69Kb?! You're fired!
Side-side note: I am no mathematician, so maybe there's a good answer to
this but, with the sliders in the Attractor palette you can easily go
outside the range of acceptable values manually. With each attractor
type, is there a well defined min and max for each param? If so, how
much of a pain would it be to limit the sliders to the values? So if I
pick Lorenz-84, paramA's slider will go from -1 on the low end to +1 on
the high end (I'm just making up numbers for the argument!) That way if
I am manually adjusting the attractor I won't be running into values
that won't produce a result. (I am a big advocate of manual control. The
search option is nice for a starting point, but I'd rather build these
forms by more manual control.)
All attractors parameters do have a well defined limit, which is also
the range of the sliders. They have been fixed empirically, as a
boundary to the parameter space where most strange attractors are
If you think of the three parameters of the Polynomial A equation as the
coordinate of a point in a 3D space, you can imagine a set of points in
this space for which parameters will yield a strange attractor. This is
similar to how a Mandelbrot set is calculated : the parameters of the
equation are the real and imaginary parts of Z, and the points within
the set are those for which parameters yield an attractor, where the
orbit doesn't escape or bailout.
The best attractors are found manually, so you are right on that.

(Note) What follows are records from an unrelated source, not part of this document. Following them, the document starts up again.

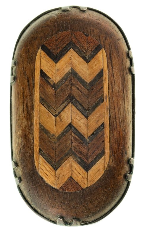 WOOD BROOCH, in sterling silver frame (tot wt 13.94g; 30x54mm), by O.Tucker, features an oval piece of timber with a centre decoration, pin-back with loop provision for safety chain; also a colour patch for 27 Infantry Battalion, AIF, in an unofficial box, on the underside of the box lid is written, "Ada Clive/Clasohm/Balhan/Sth Aus". Very fine. (2)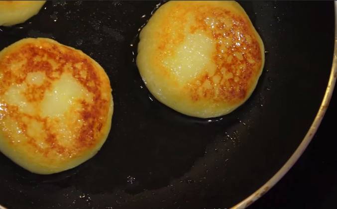 3. На разогретую сковороду наливаю растительное масло. Выкладываем так, чтобы их было хорошо переворачивать. Жарим около 4 минус одной стороны и потом столько же с другой. У нас получились вот такие замечательные картофельные оладьи с румяной корочкой. Их очень просто готовить. Они получаются нежными и вкусными. Подавать к столу их лучше теплыми. Пока сырная начинка внутри не застыла.Видео рецепт ютуб ниже 👇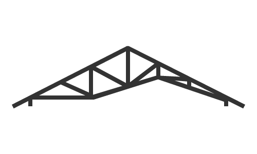 The Dual Pitch Truss has a different angle or slope on each side of the truss apex. This type of truss is very commonly used, and can conform to the design of many homes.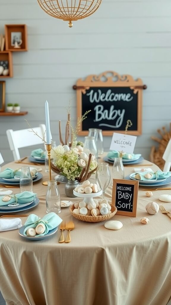 For a gender neutral baby shower that feels elegant and elevated, this Nordic-inspired tablescape is stunning. The round table is draped in a warm neutral cloth, set with light blue plates, gold cutlery, and napkins tied around little white candies. The centerpiece is a sparse, natural wood element with soft florals and tall candlesticks, anchored by a wooden chalkboard sign.

As you know, the boundary of the Mandelbrot set is not only extremely
complex, it is also fractal, and although I believe the Polynomial A set
isn't equivalent in complexity nor is fractal, it isn't just a spheroid.
Keeping the Polynomial A as an example, the minimum and maximum values
of each parameter are the opposite faces of a cube which is its search
domain. Each parameter is a line parallel to each axis going across the
cube, so the three lines intersect at the same point, within the cube.
Going along one of the lines, you can see what parts of the line are
inside the attractor set, i.e. what values of the equivalent parameter
will yield an attractor. These values won't be contiguous.
Of course, when you modify a value, or move the intersection point along
one of the lines, the two other will move as well, thus going through a
different part of the attractor set.
Therefore it's not easy to define a search domain, or the parameters
range, without limiting too much the set of possible attractors. But a
larger search domain makes manual search a long-winded process.
I've been thinking about rendering these sets : the user would have to
select three or more parameters and define their corresponding plane
(ex. P0 -> X, P1 -> Y, P2 -> Z, etc.). Imagine doing it with all the
parameters of the Polynomial C, in an 18 dimensions space!